**EXERCISE DESCRIPTION:**
Below are some records; quote exactly the lines from the one that contains "Lindsey เดรสสั" through the one that contains "Dieses elegante, grüne", inclusive, and no others.

**GIVEN ENTRIES:**
*-*-*

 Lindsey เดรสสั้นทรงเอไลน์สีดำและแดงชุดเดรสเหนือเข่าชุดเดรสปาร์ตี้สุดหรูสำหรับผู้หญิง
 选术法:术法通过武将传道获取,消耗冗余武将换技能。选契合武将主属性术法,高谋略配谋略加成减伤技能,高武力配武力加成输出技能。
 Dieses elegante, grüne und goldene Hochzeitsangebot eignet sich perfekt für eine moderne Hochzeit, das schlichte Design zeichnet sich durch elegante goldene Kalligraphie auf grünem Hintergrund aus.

*-*-*

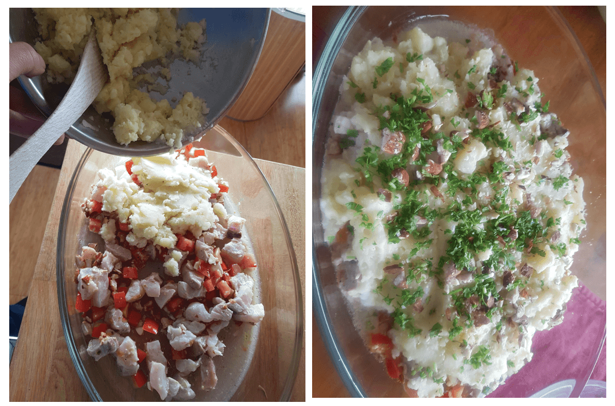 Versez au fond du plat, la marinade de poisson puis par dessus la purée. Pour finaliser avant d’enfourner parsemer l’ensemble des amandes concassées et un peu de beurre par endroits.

*-*-*

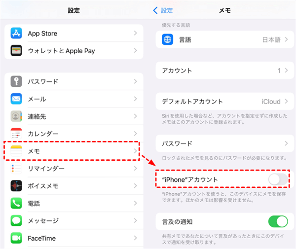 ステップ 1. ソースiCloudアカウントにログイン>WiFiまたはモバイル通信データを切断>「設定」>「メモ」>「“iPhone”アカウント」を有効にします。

*-*-*

**ANSWER AREA:**
 Lindsey เดรสสั้นทรงเอไลน์สีดำและแดงชุดเดรสเหนือเข่าชุดเดรสปาร์ตี้สุดหรูสำหรับผู้หญิง
 选术法:术法通过武将传道获取,消耗冗余武将换技能。选契合武将主属性术法,高谋略配谋略加成减伤技能,高武力配武力加成输出技能。
 Dieses elegante, grüne und goldene Hochzeitsangebot eignet sich perfekt für eine moderne Hochzeit, das schlichte Design zeichnet sich durch elegante goldene Kalligraphie auf grünem Hintergrund aus.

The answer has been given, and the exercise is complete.